(YOUR GOAL) The records below must be returned exactly, with every picture left out.
Start of RECORDS FOR THIS EXERCISE
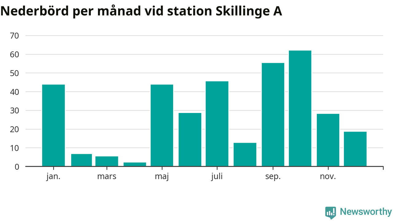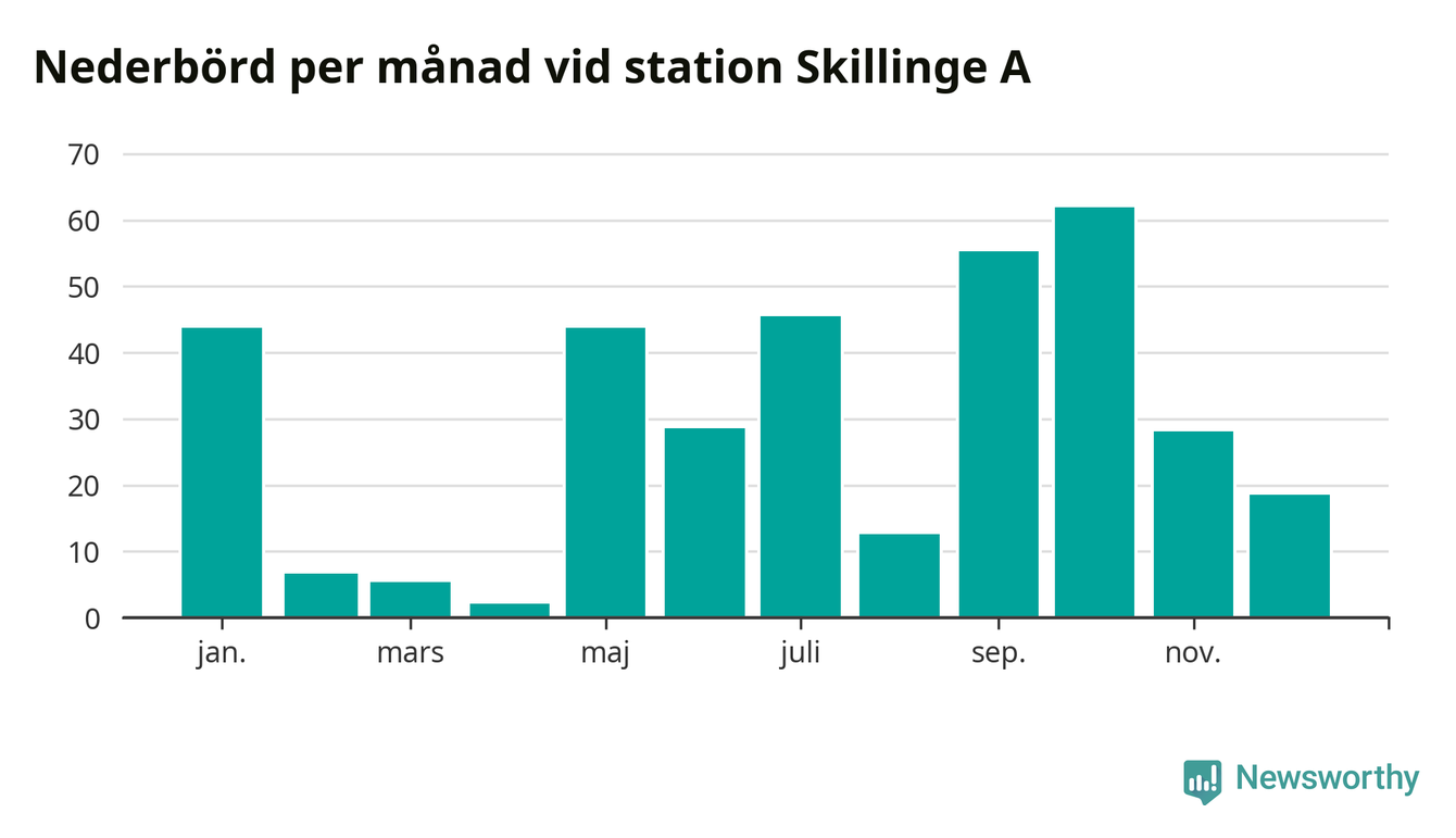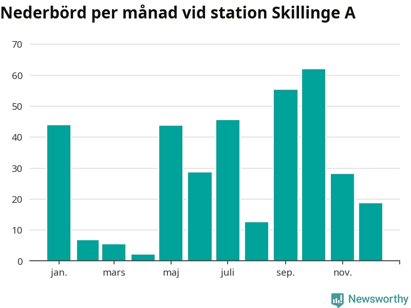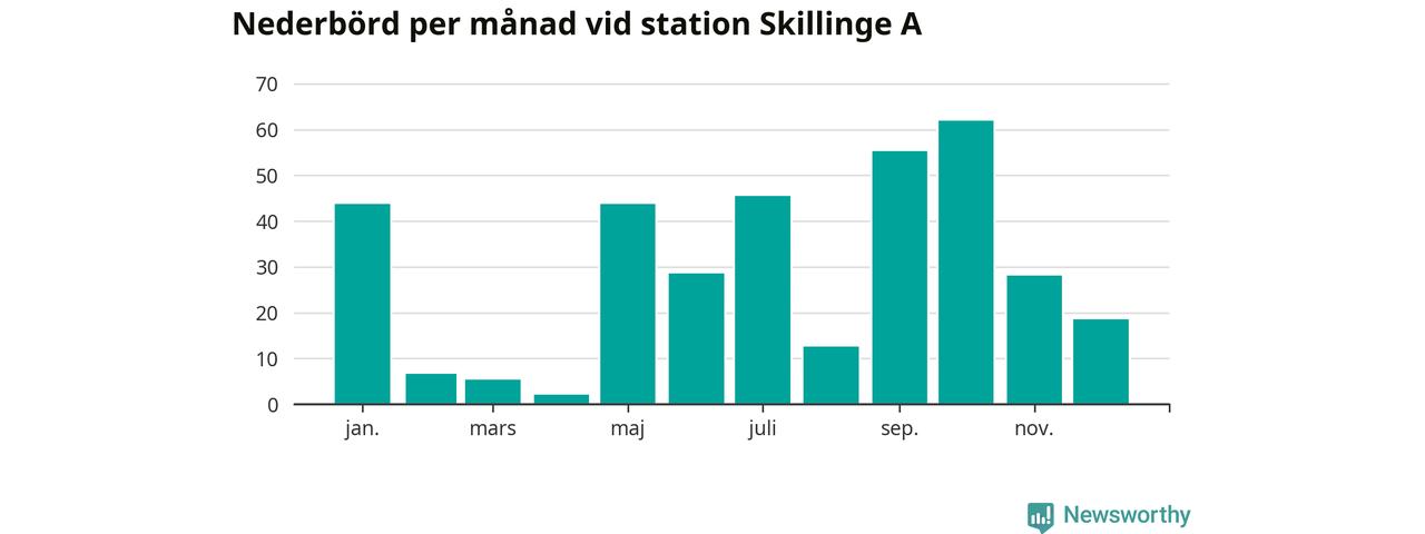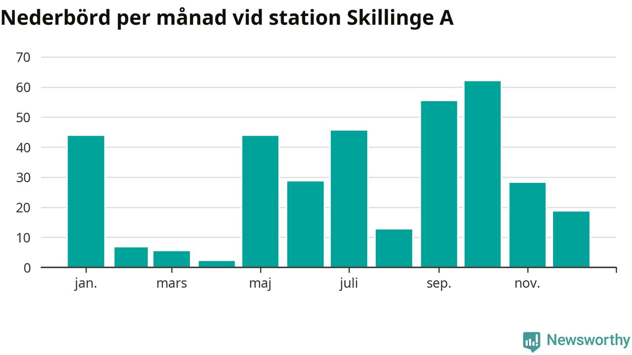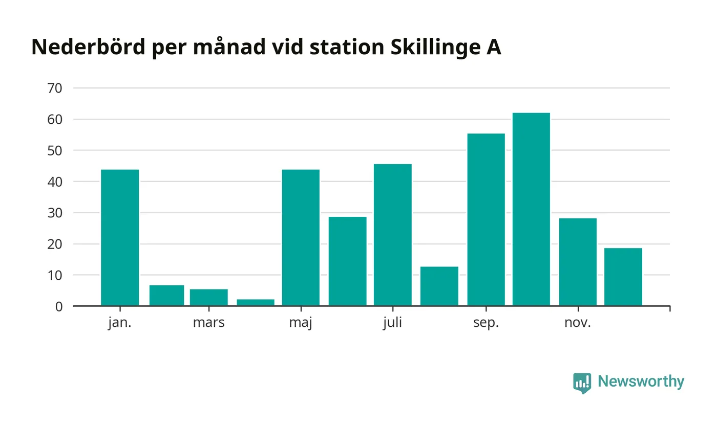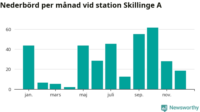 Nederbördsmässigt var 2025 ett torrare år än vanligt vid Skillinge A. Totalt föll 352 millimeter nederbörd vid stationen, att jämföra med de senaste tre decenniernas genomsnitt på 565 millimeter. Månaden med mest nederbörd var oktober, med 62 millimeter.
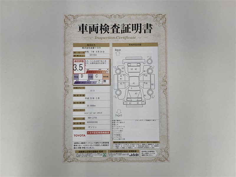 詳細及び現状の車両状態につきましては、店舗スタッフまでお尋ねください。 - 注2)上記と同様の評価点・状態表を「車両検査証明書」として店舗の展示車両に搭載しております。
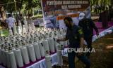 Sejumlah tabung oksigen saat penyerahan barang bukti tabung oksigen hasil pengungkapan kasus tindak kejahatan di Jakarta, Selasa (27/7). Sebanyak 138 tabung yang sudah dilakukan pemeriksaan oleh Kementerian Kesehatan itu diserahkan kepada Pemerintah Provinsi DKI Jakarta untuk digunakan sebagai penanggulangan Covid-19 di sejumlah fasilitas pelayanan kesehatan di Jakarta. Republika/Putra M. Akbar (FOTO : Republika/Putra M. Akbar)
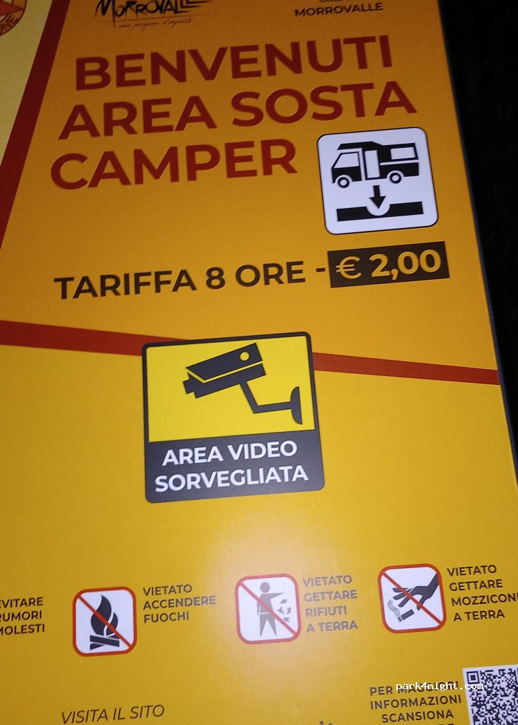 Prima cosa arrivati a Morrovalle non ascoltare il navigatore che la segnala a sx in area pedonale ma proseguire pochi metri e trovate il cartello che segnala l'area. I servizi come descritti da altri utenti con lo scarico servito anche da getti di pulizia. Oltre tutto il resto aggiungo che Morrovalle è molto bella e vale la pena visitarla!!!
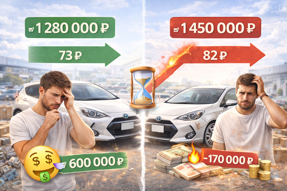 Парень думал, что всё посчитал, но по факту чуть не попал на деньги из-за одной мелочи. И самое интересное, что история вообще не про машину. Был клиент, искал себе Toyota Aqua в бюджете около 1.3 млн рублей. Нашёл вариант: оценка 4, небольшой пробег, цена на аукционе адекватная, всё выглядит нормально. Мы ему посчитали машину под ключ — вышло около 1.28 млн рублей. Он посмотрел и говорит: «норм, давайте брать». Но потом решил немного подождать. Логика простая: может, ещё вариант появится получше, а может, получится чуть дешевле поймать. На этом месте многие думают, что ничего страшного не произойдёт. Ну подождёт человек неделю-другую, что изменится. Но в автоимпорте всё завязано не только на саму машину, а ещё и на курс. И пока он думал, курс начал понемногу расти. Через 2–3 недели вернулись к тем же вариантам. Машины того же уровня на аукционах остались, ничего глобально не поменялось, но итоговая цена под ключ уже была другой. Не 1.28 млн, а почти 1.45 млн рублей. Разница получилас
End of RECORDS FOR THIS EXERCISE
(EXERCISE ANSWER)
 Nederbördsmässigt var 2025 ett torrare år än vanligt vid Skillinge A. Totalt föll 352 millimeter nederbörd vid stationen, att jämföra med de senaste tre decenniernas genomsnitt på 565 millimeter. Månaden med mest nederbörd var oktober, med 62 millimeter.
 詳細及び現状の車両状態につきましては、店舗スタッフまでお尋ねください。 - 注2)上記と同様の評価点・状態表を「車両検査証明書」として店舗の展示車両に搭載しております。
 Sejumlah tabung oksigen saat penyerahan barang bukti tabung oksigen hasil pengungkapan kasus tindak kejahatan di Jakarta, Selasa (27/7). Sebanyak 138 tabung yang sudah dilakukan pemeriksaan oleh Kementerian Kesehatan itu diserahkan kepada Pemerintah Provinsi DKI Jakarta untuk digunakan sebagai penanggulangan Covid-19 di sejumlah fasilitas pelayanan kesehatan di Jakarta. Republika/Putra M. Akbar (FOTO : Republika/Putra M. Akbar)
 Prima cosa arrivati a Morrovalle non ascoltare il navigatore che la segnala a sx in area pedonale ma proseguire pochi metri e trovate il cartello che segnala l'area. I servizi come descritti da altri utenti con lo scarico servito anche da getti di pulizia. Oltre tutto il resto aggiungo che Morrovalle è molto bella e vale la pena visitarla!!!
 Парень думал, что всё посчитал, но по факту чуть не попал на деньги из-за одной мелочи. И самое интересное, что история вообще не про машину. Был клиент, искал себе Toyota Aqua в бюджете около 1.3 млн рублей. Нашёл вариант: оценка 4, небольшой пробег, цена на аукционе адекватная, всё выглядит нормально. Мы ему посчитали машину под ключ — вышло около 1.28 млн рублей. Он посмотрел и говорит: «норм, давайте брать». Но потом решил немного подождать. Логика простая: может, ещё вариант появится получше, а может, получится чуть дешевле поймать. На этом месте многие думают, что ничего страшного не произойдёт. Ну подождёт человек неделю-другую, что изменится. Но в автоимпорте всё завязано не только на саму машину, а ещё и на курс. И пока он думал, курс начал понемногу расти. Через 2–3 недели вернулись к тем же вариантам. Машины того же уровня на аукционах остались, ничего глобально не поменялось, но итоговая цена под ключ уже была другой. Не 1.28 млн, а почти 1.45 млн рублей. Разница получилас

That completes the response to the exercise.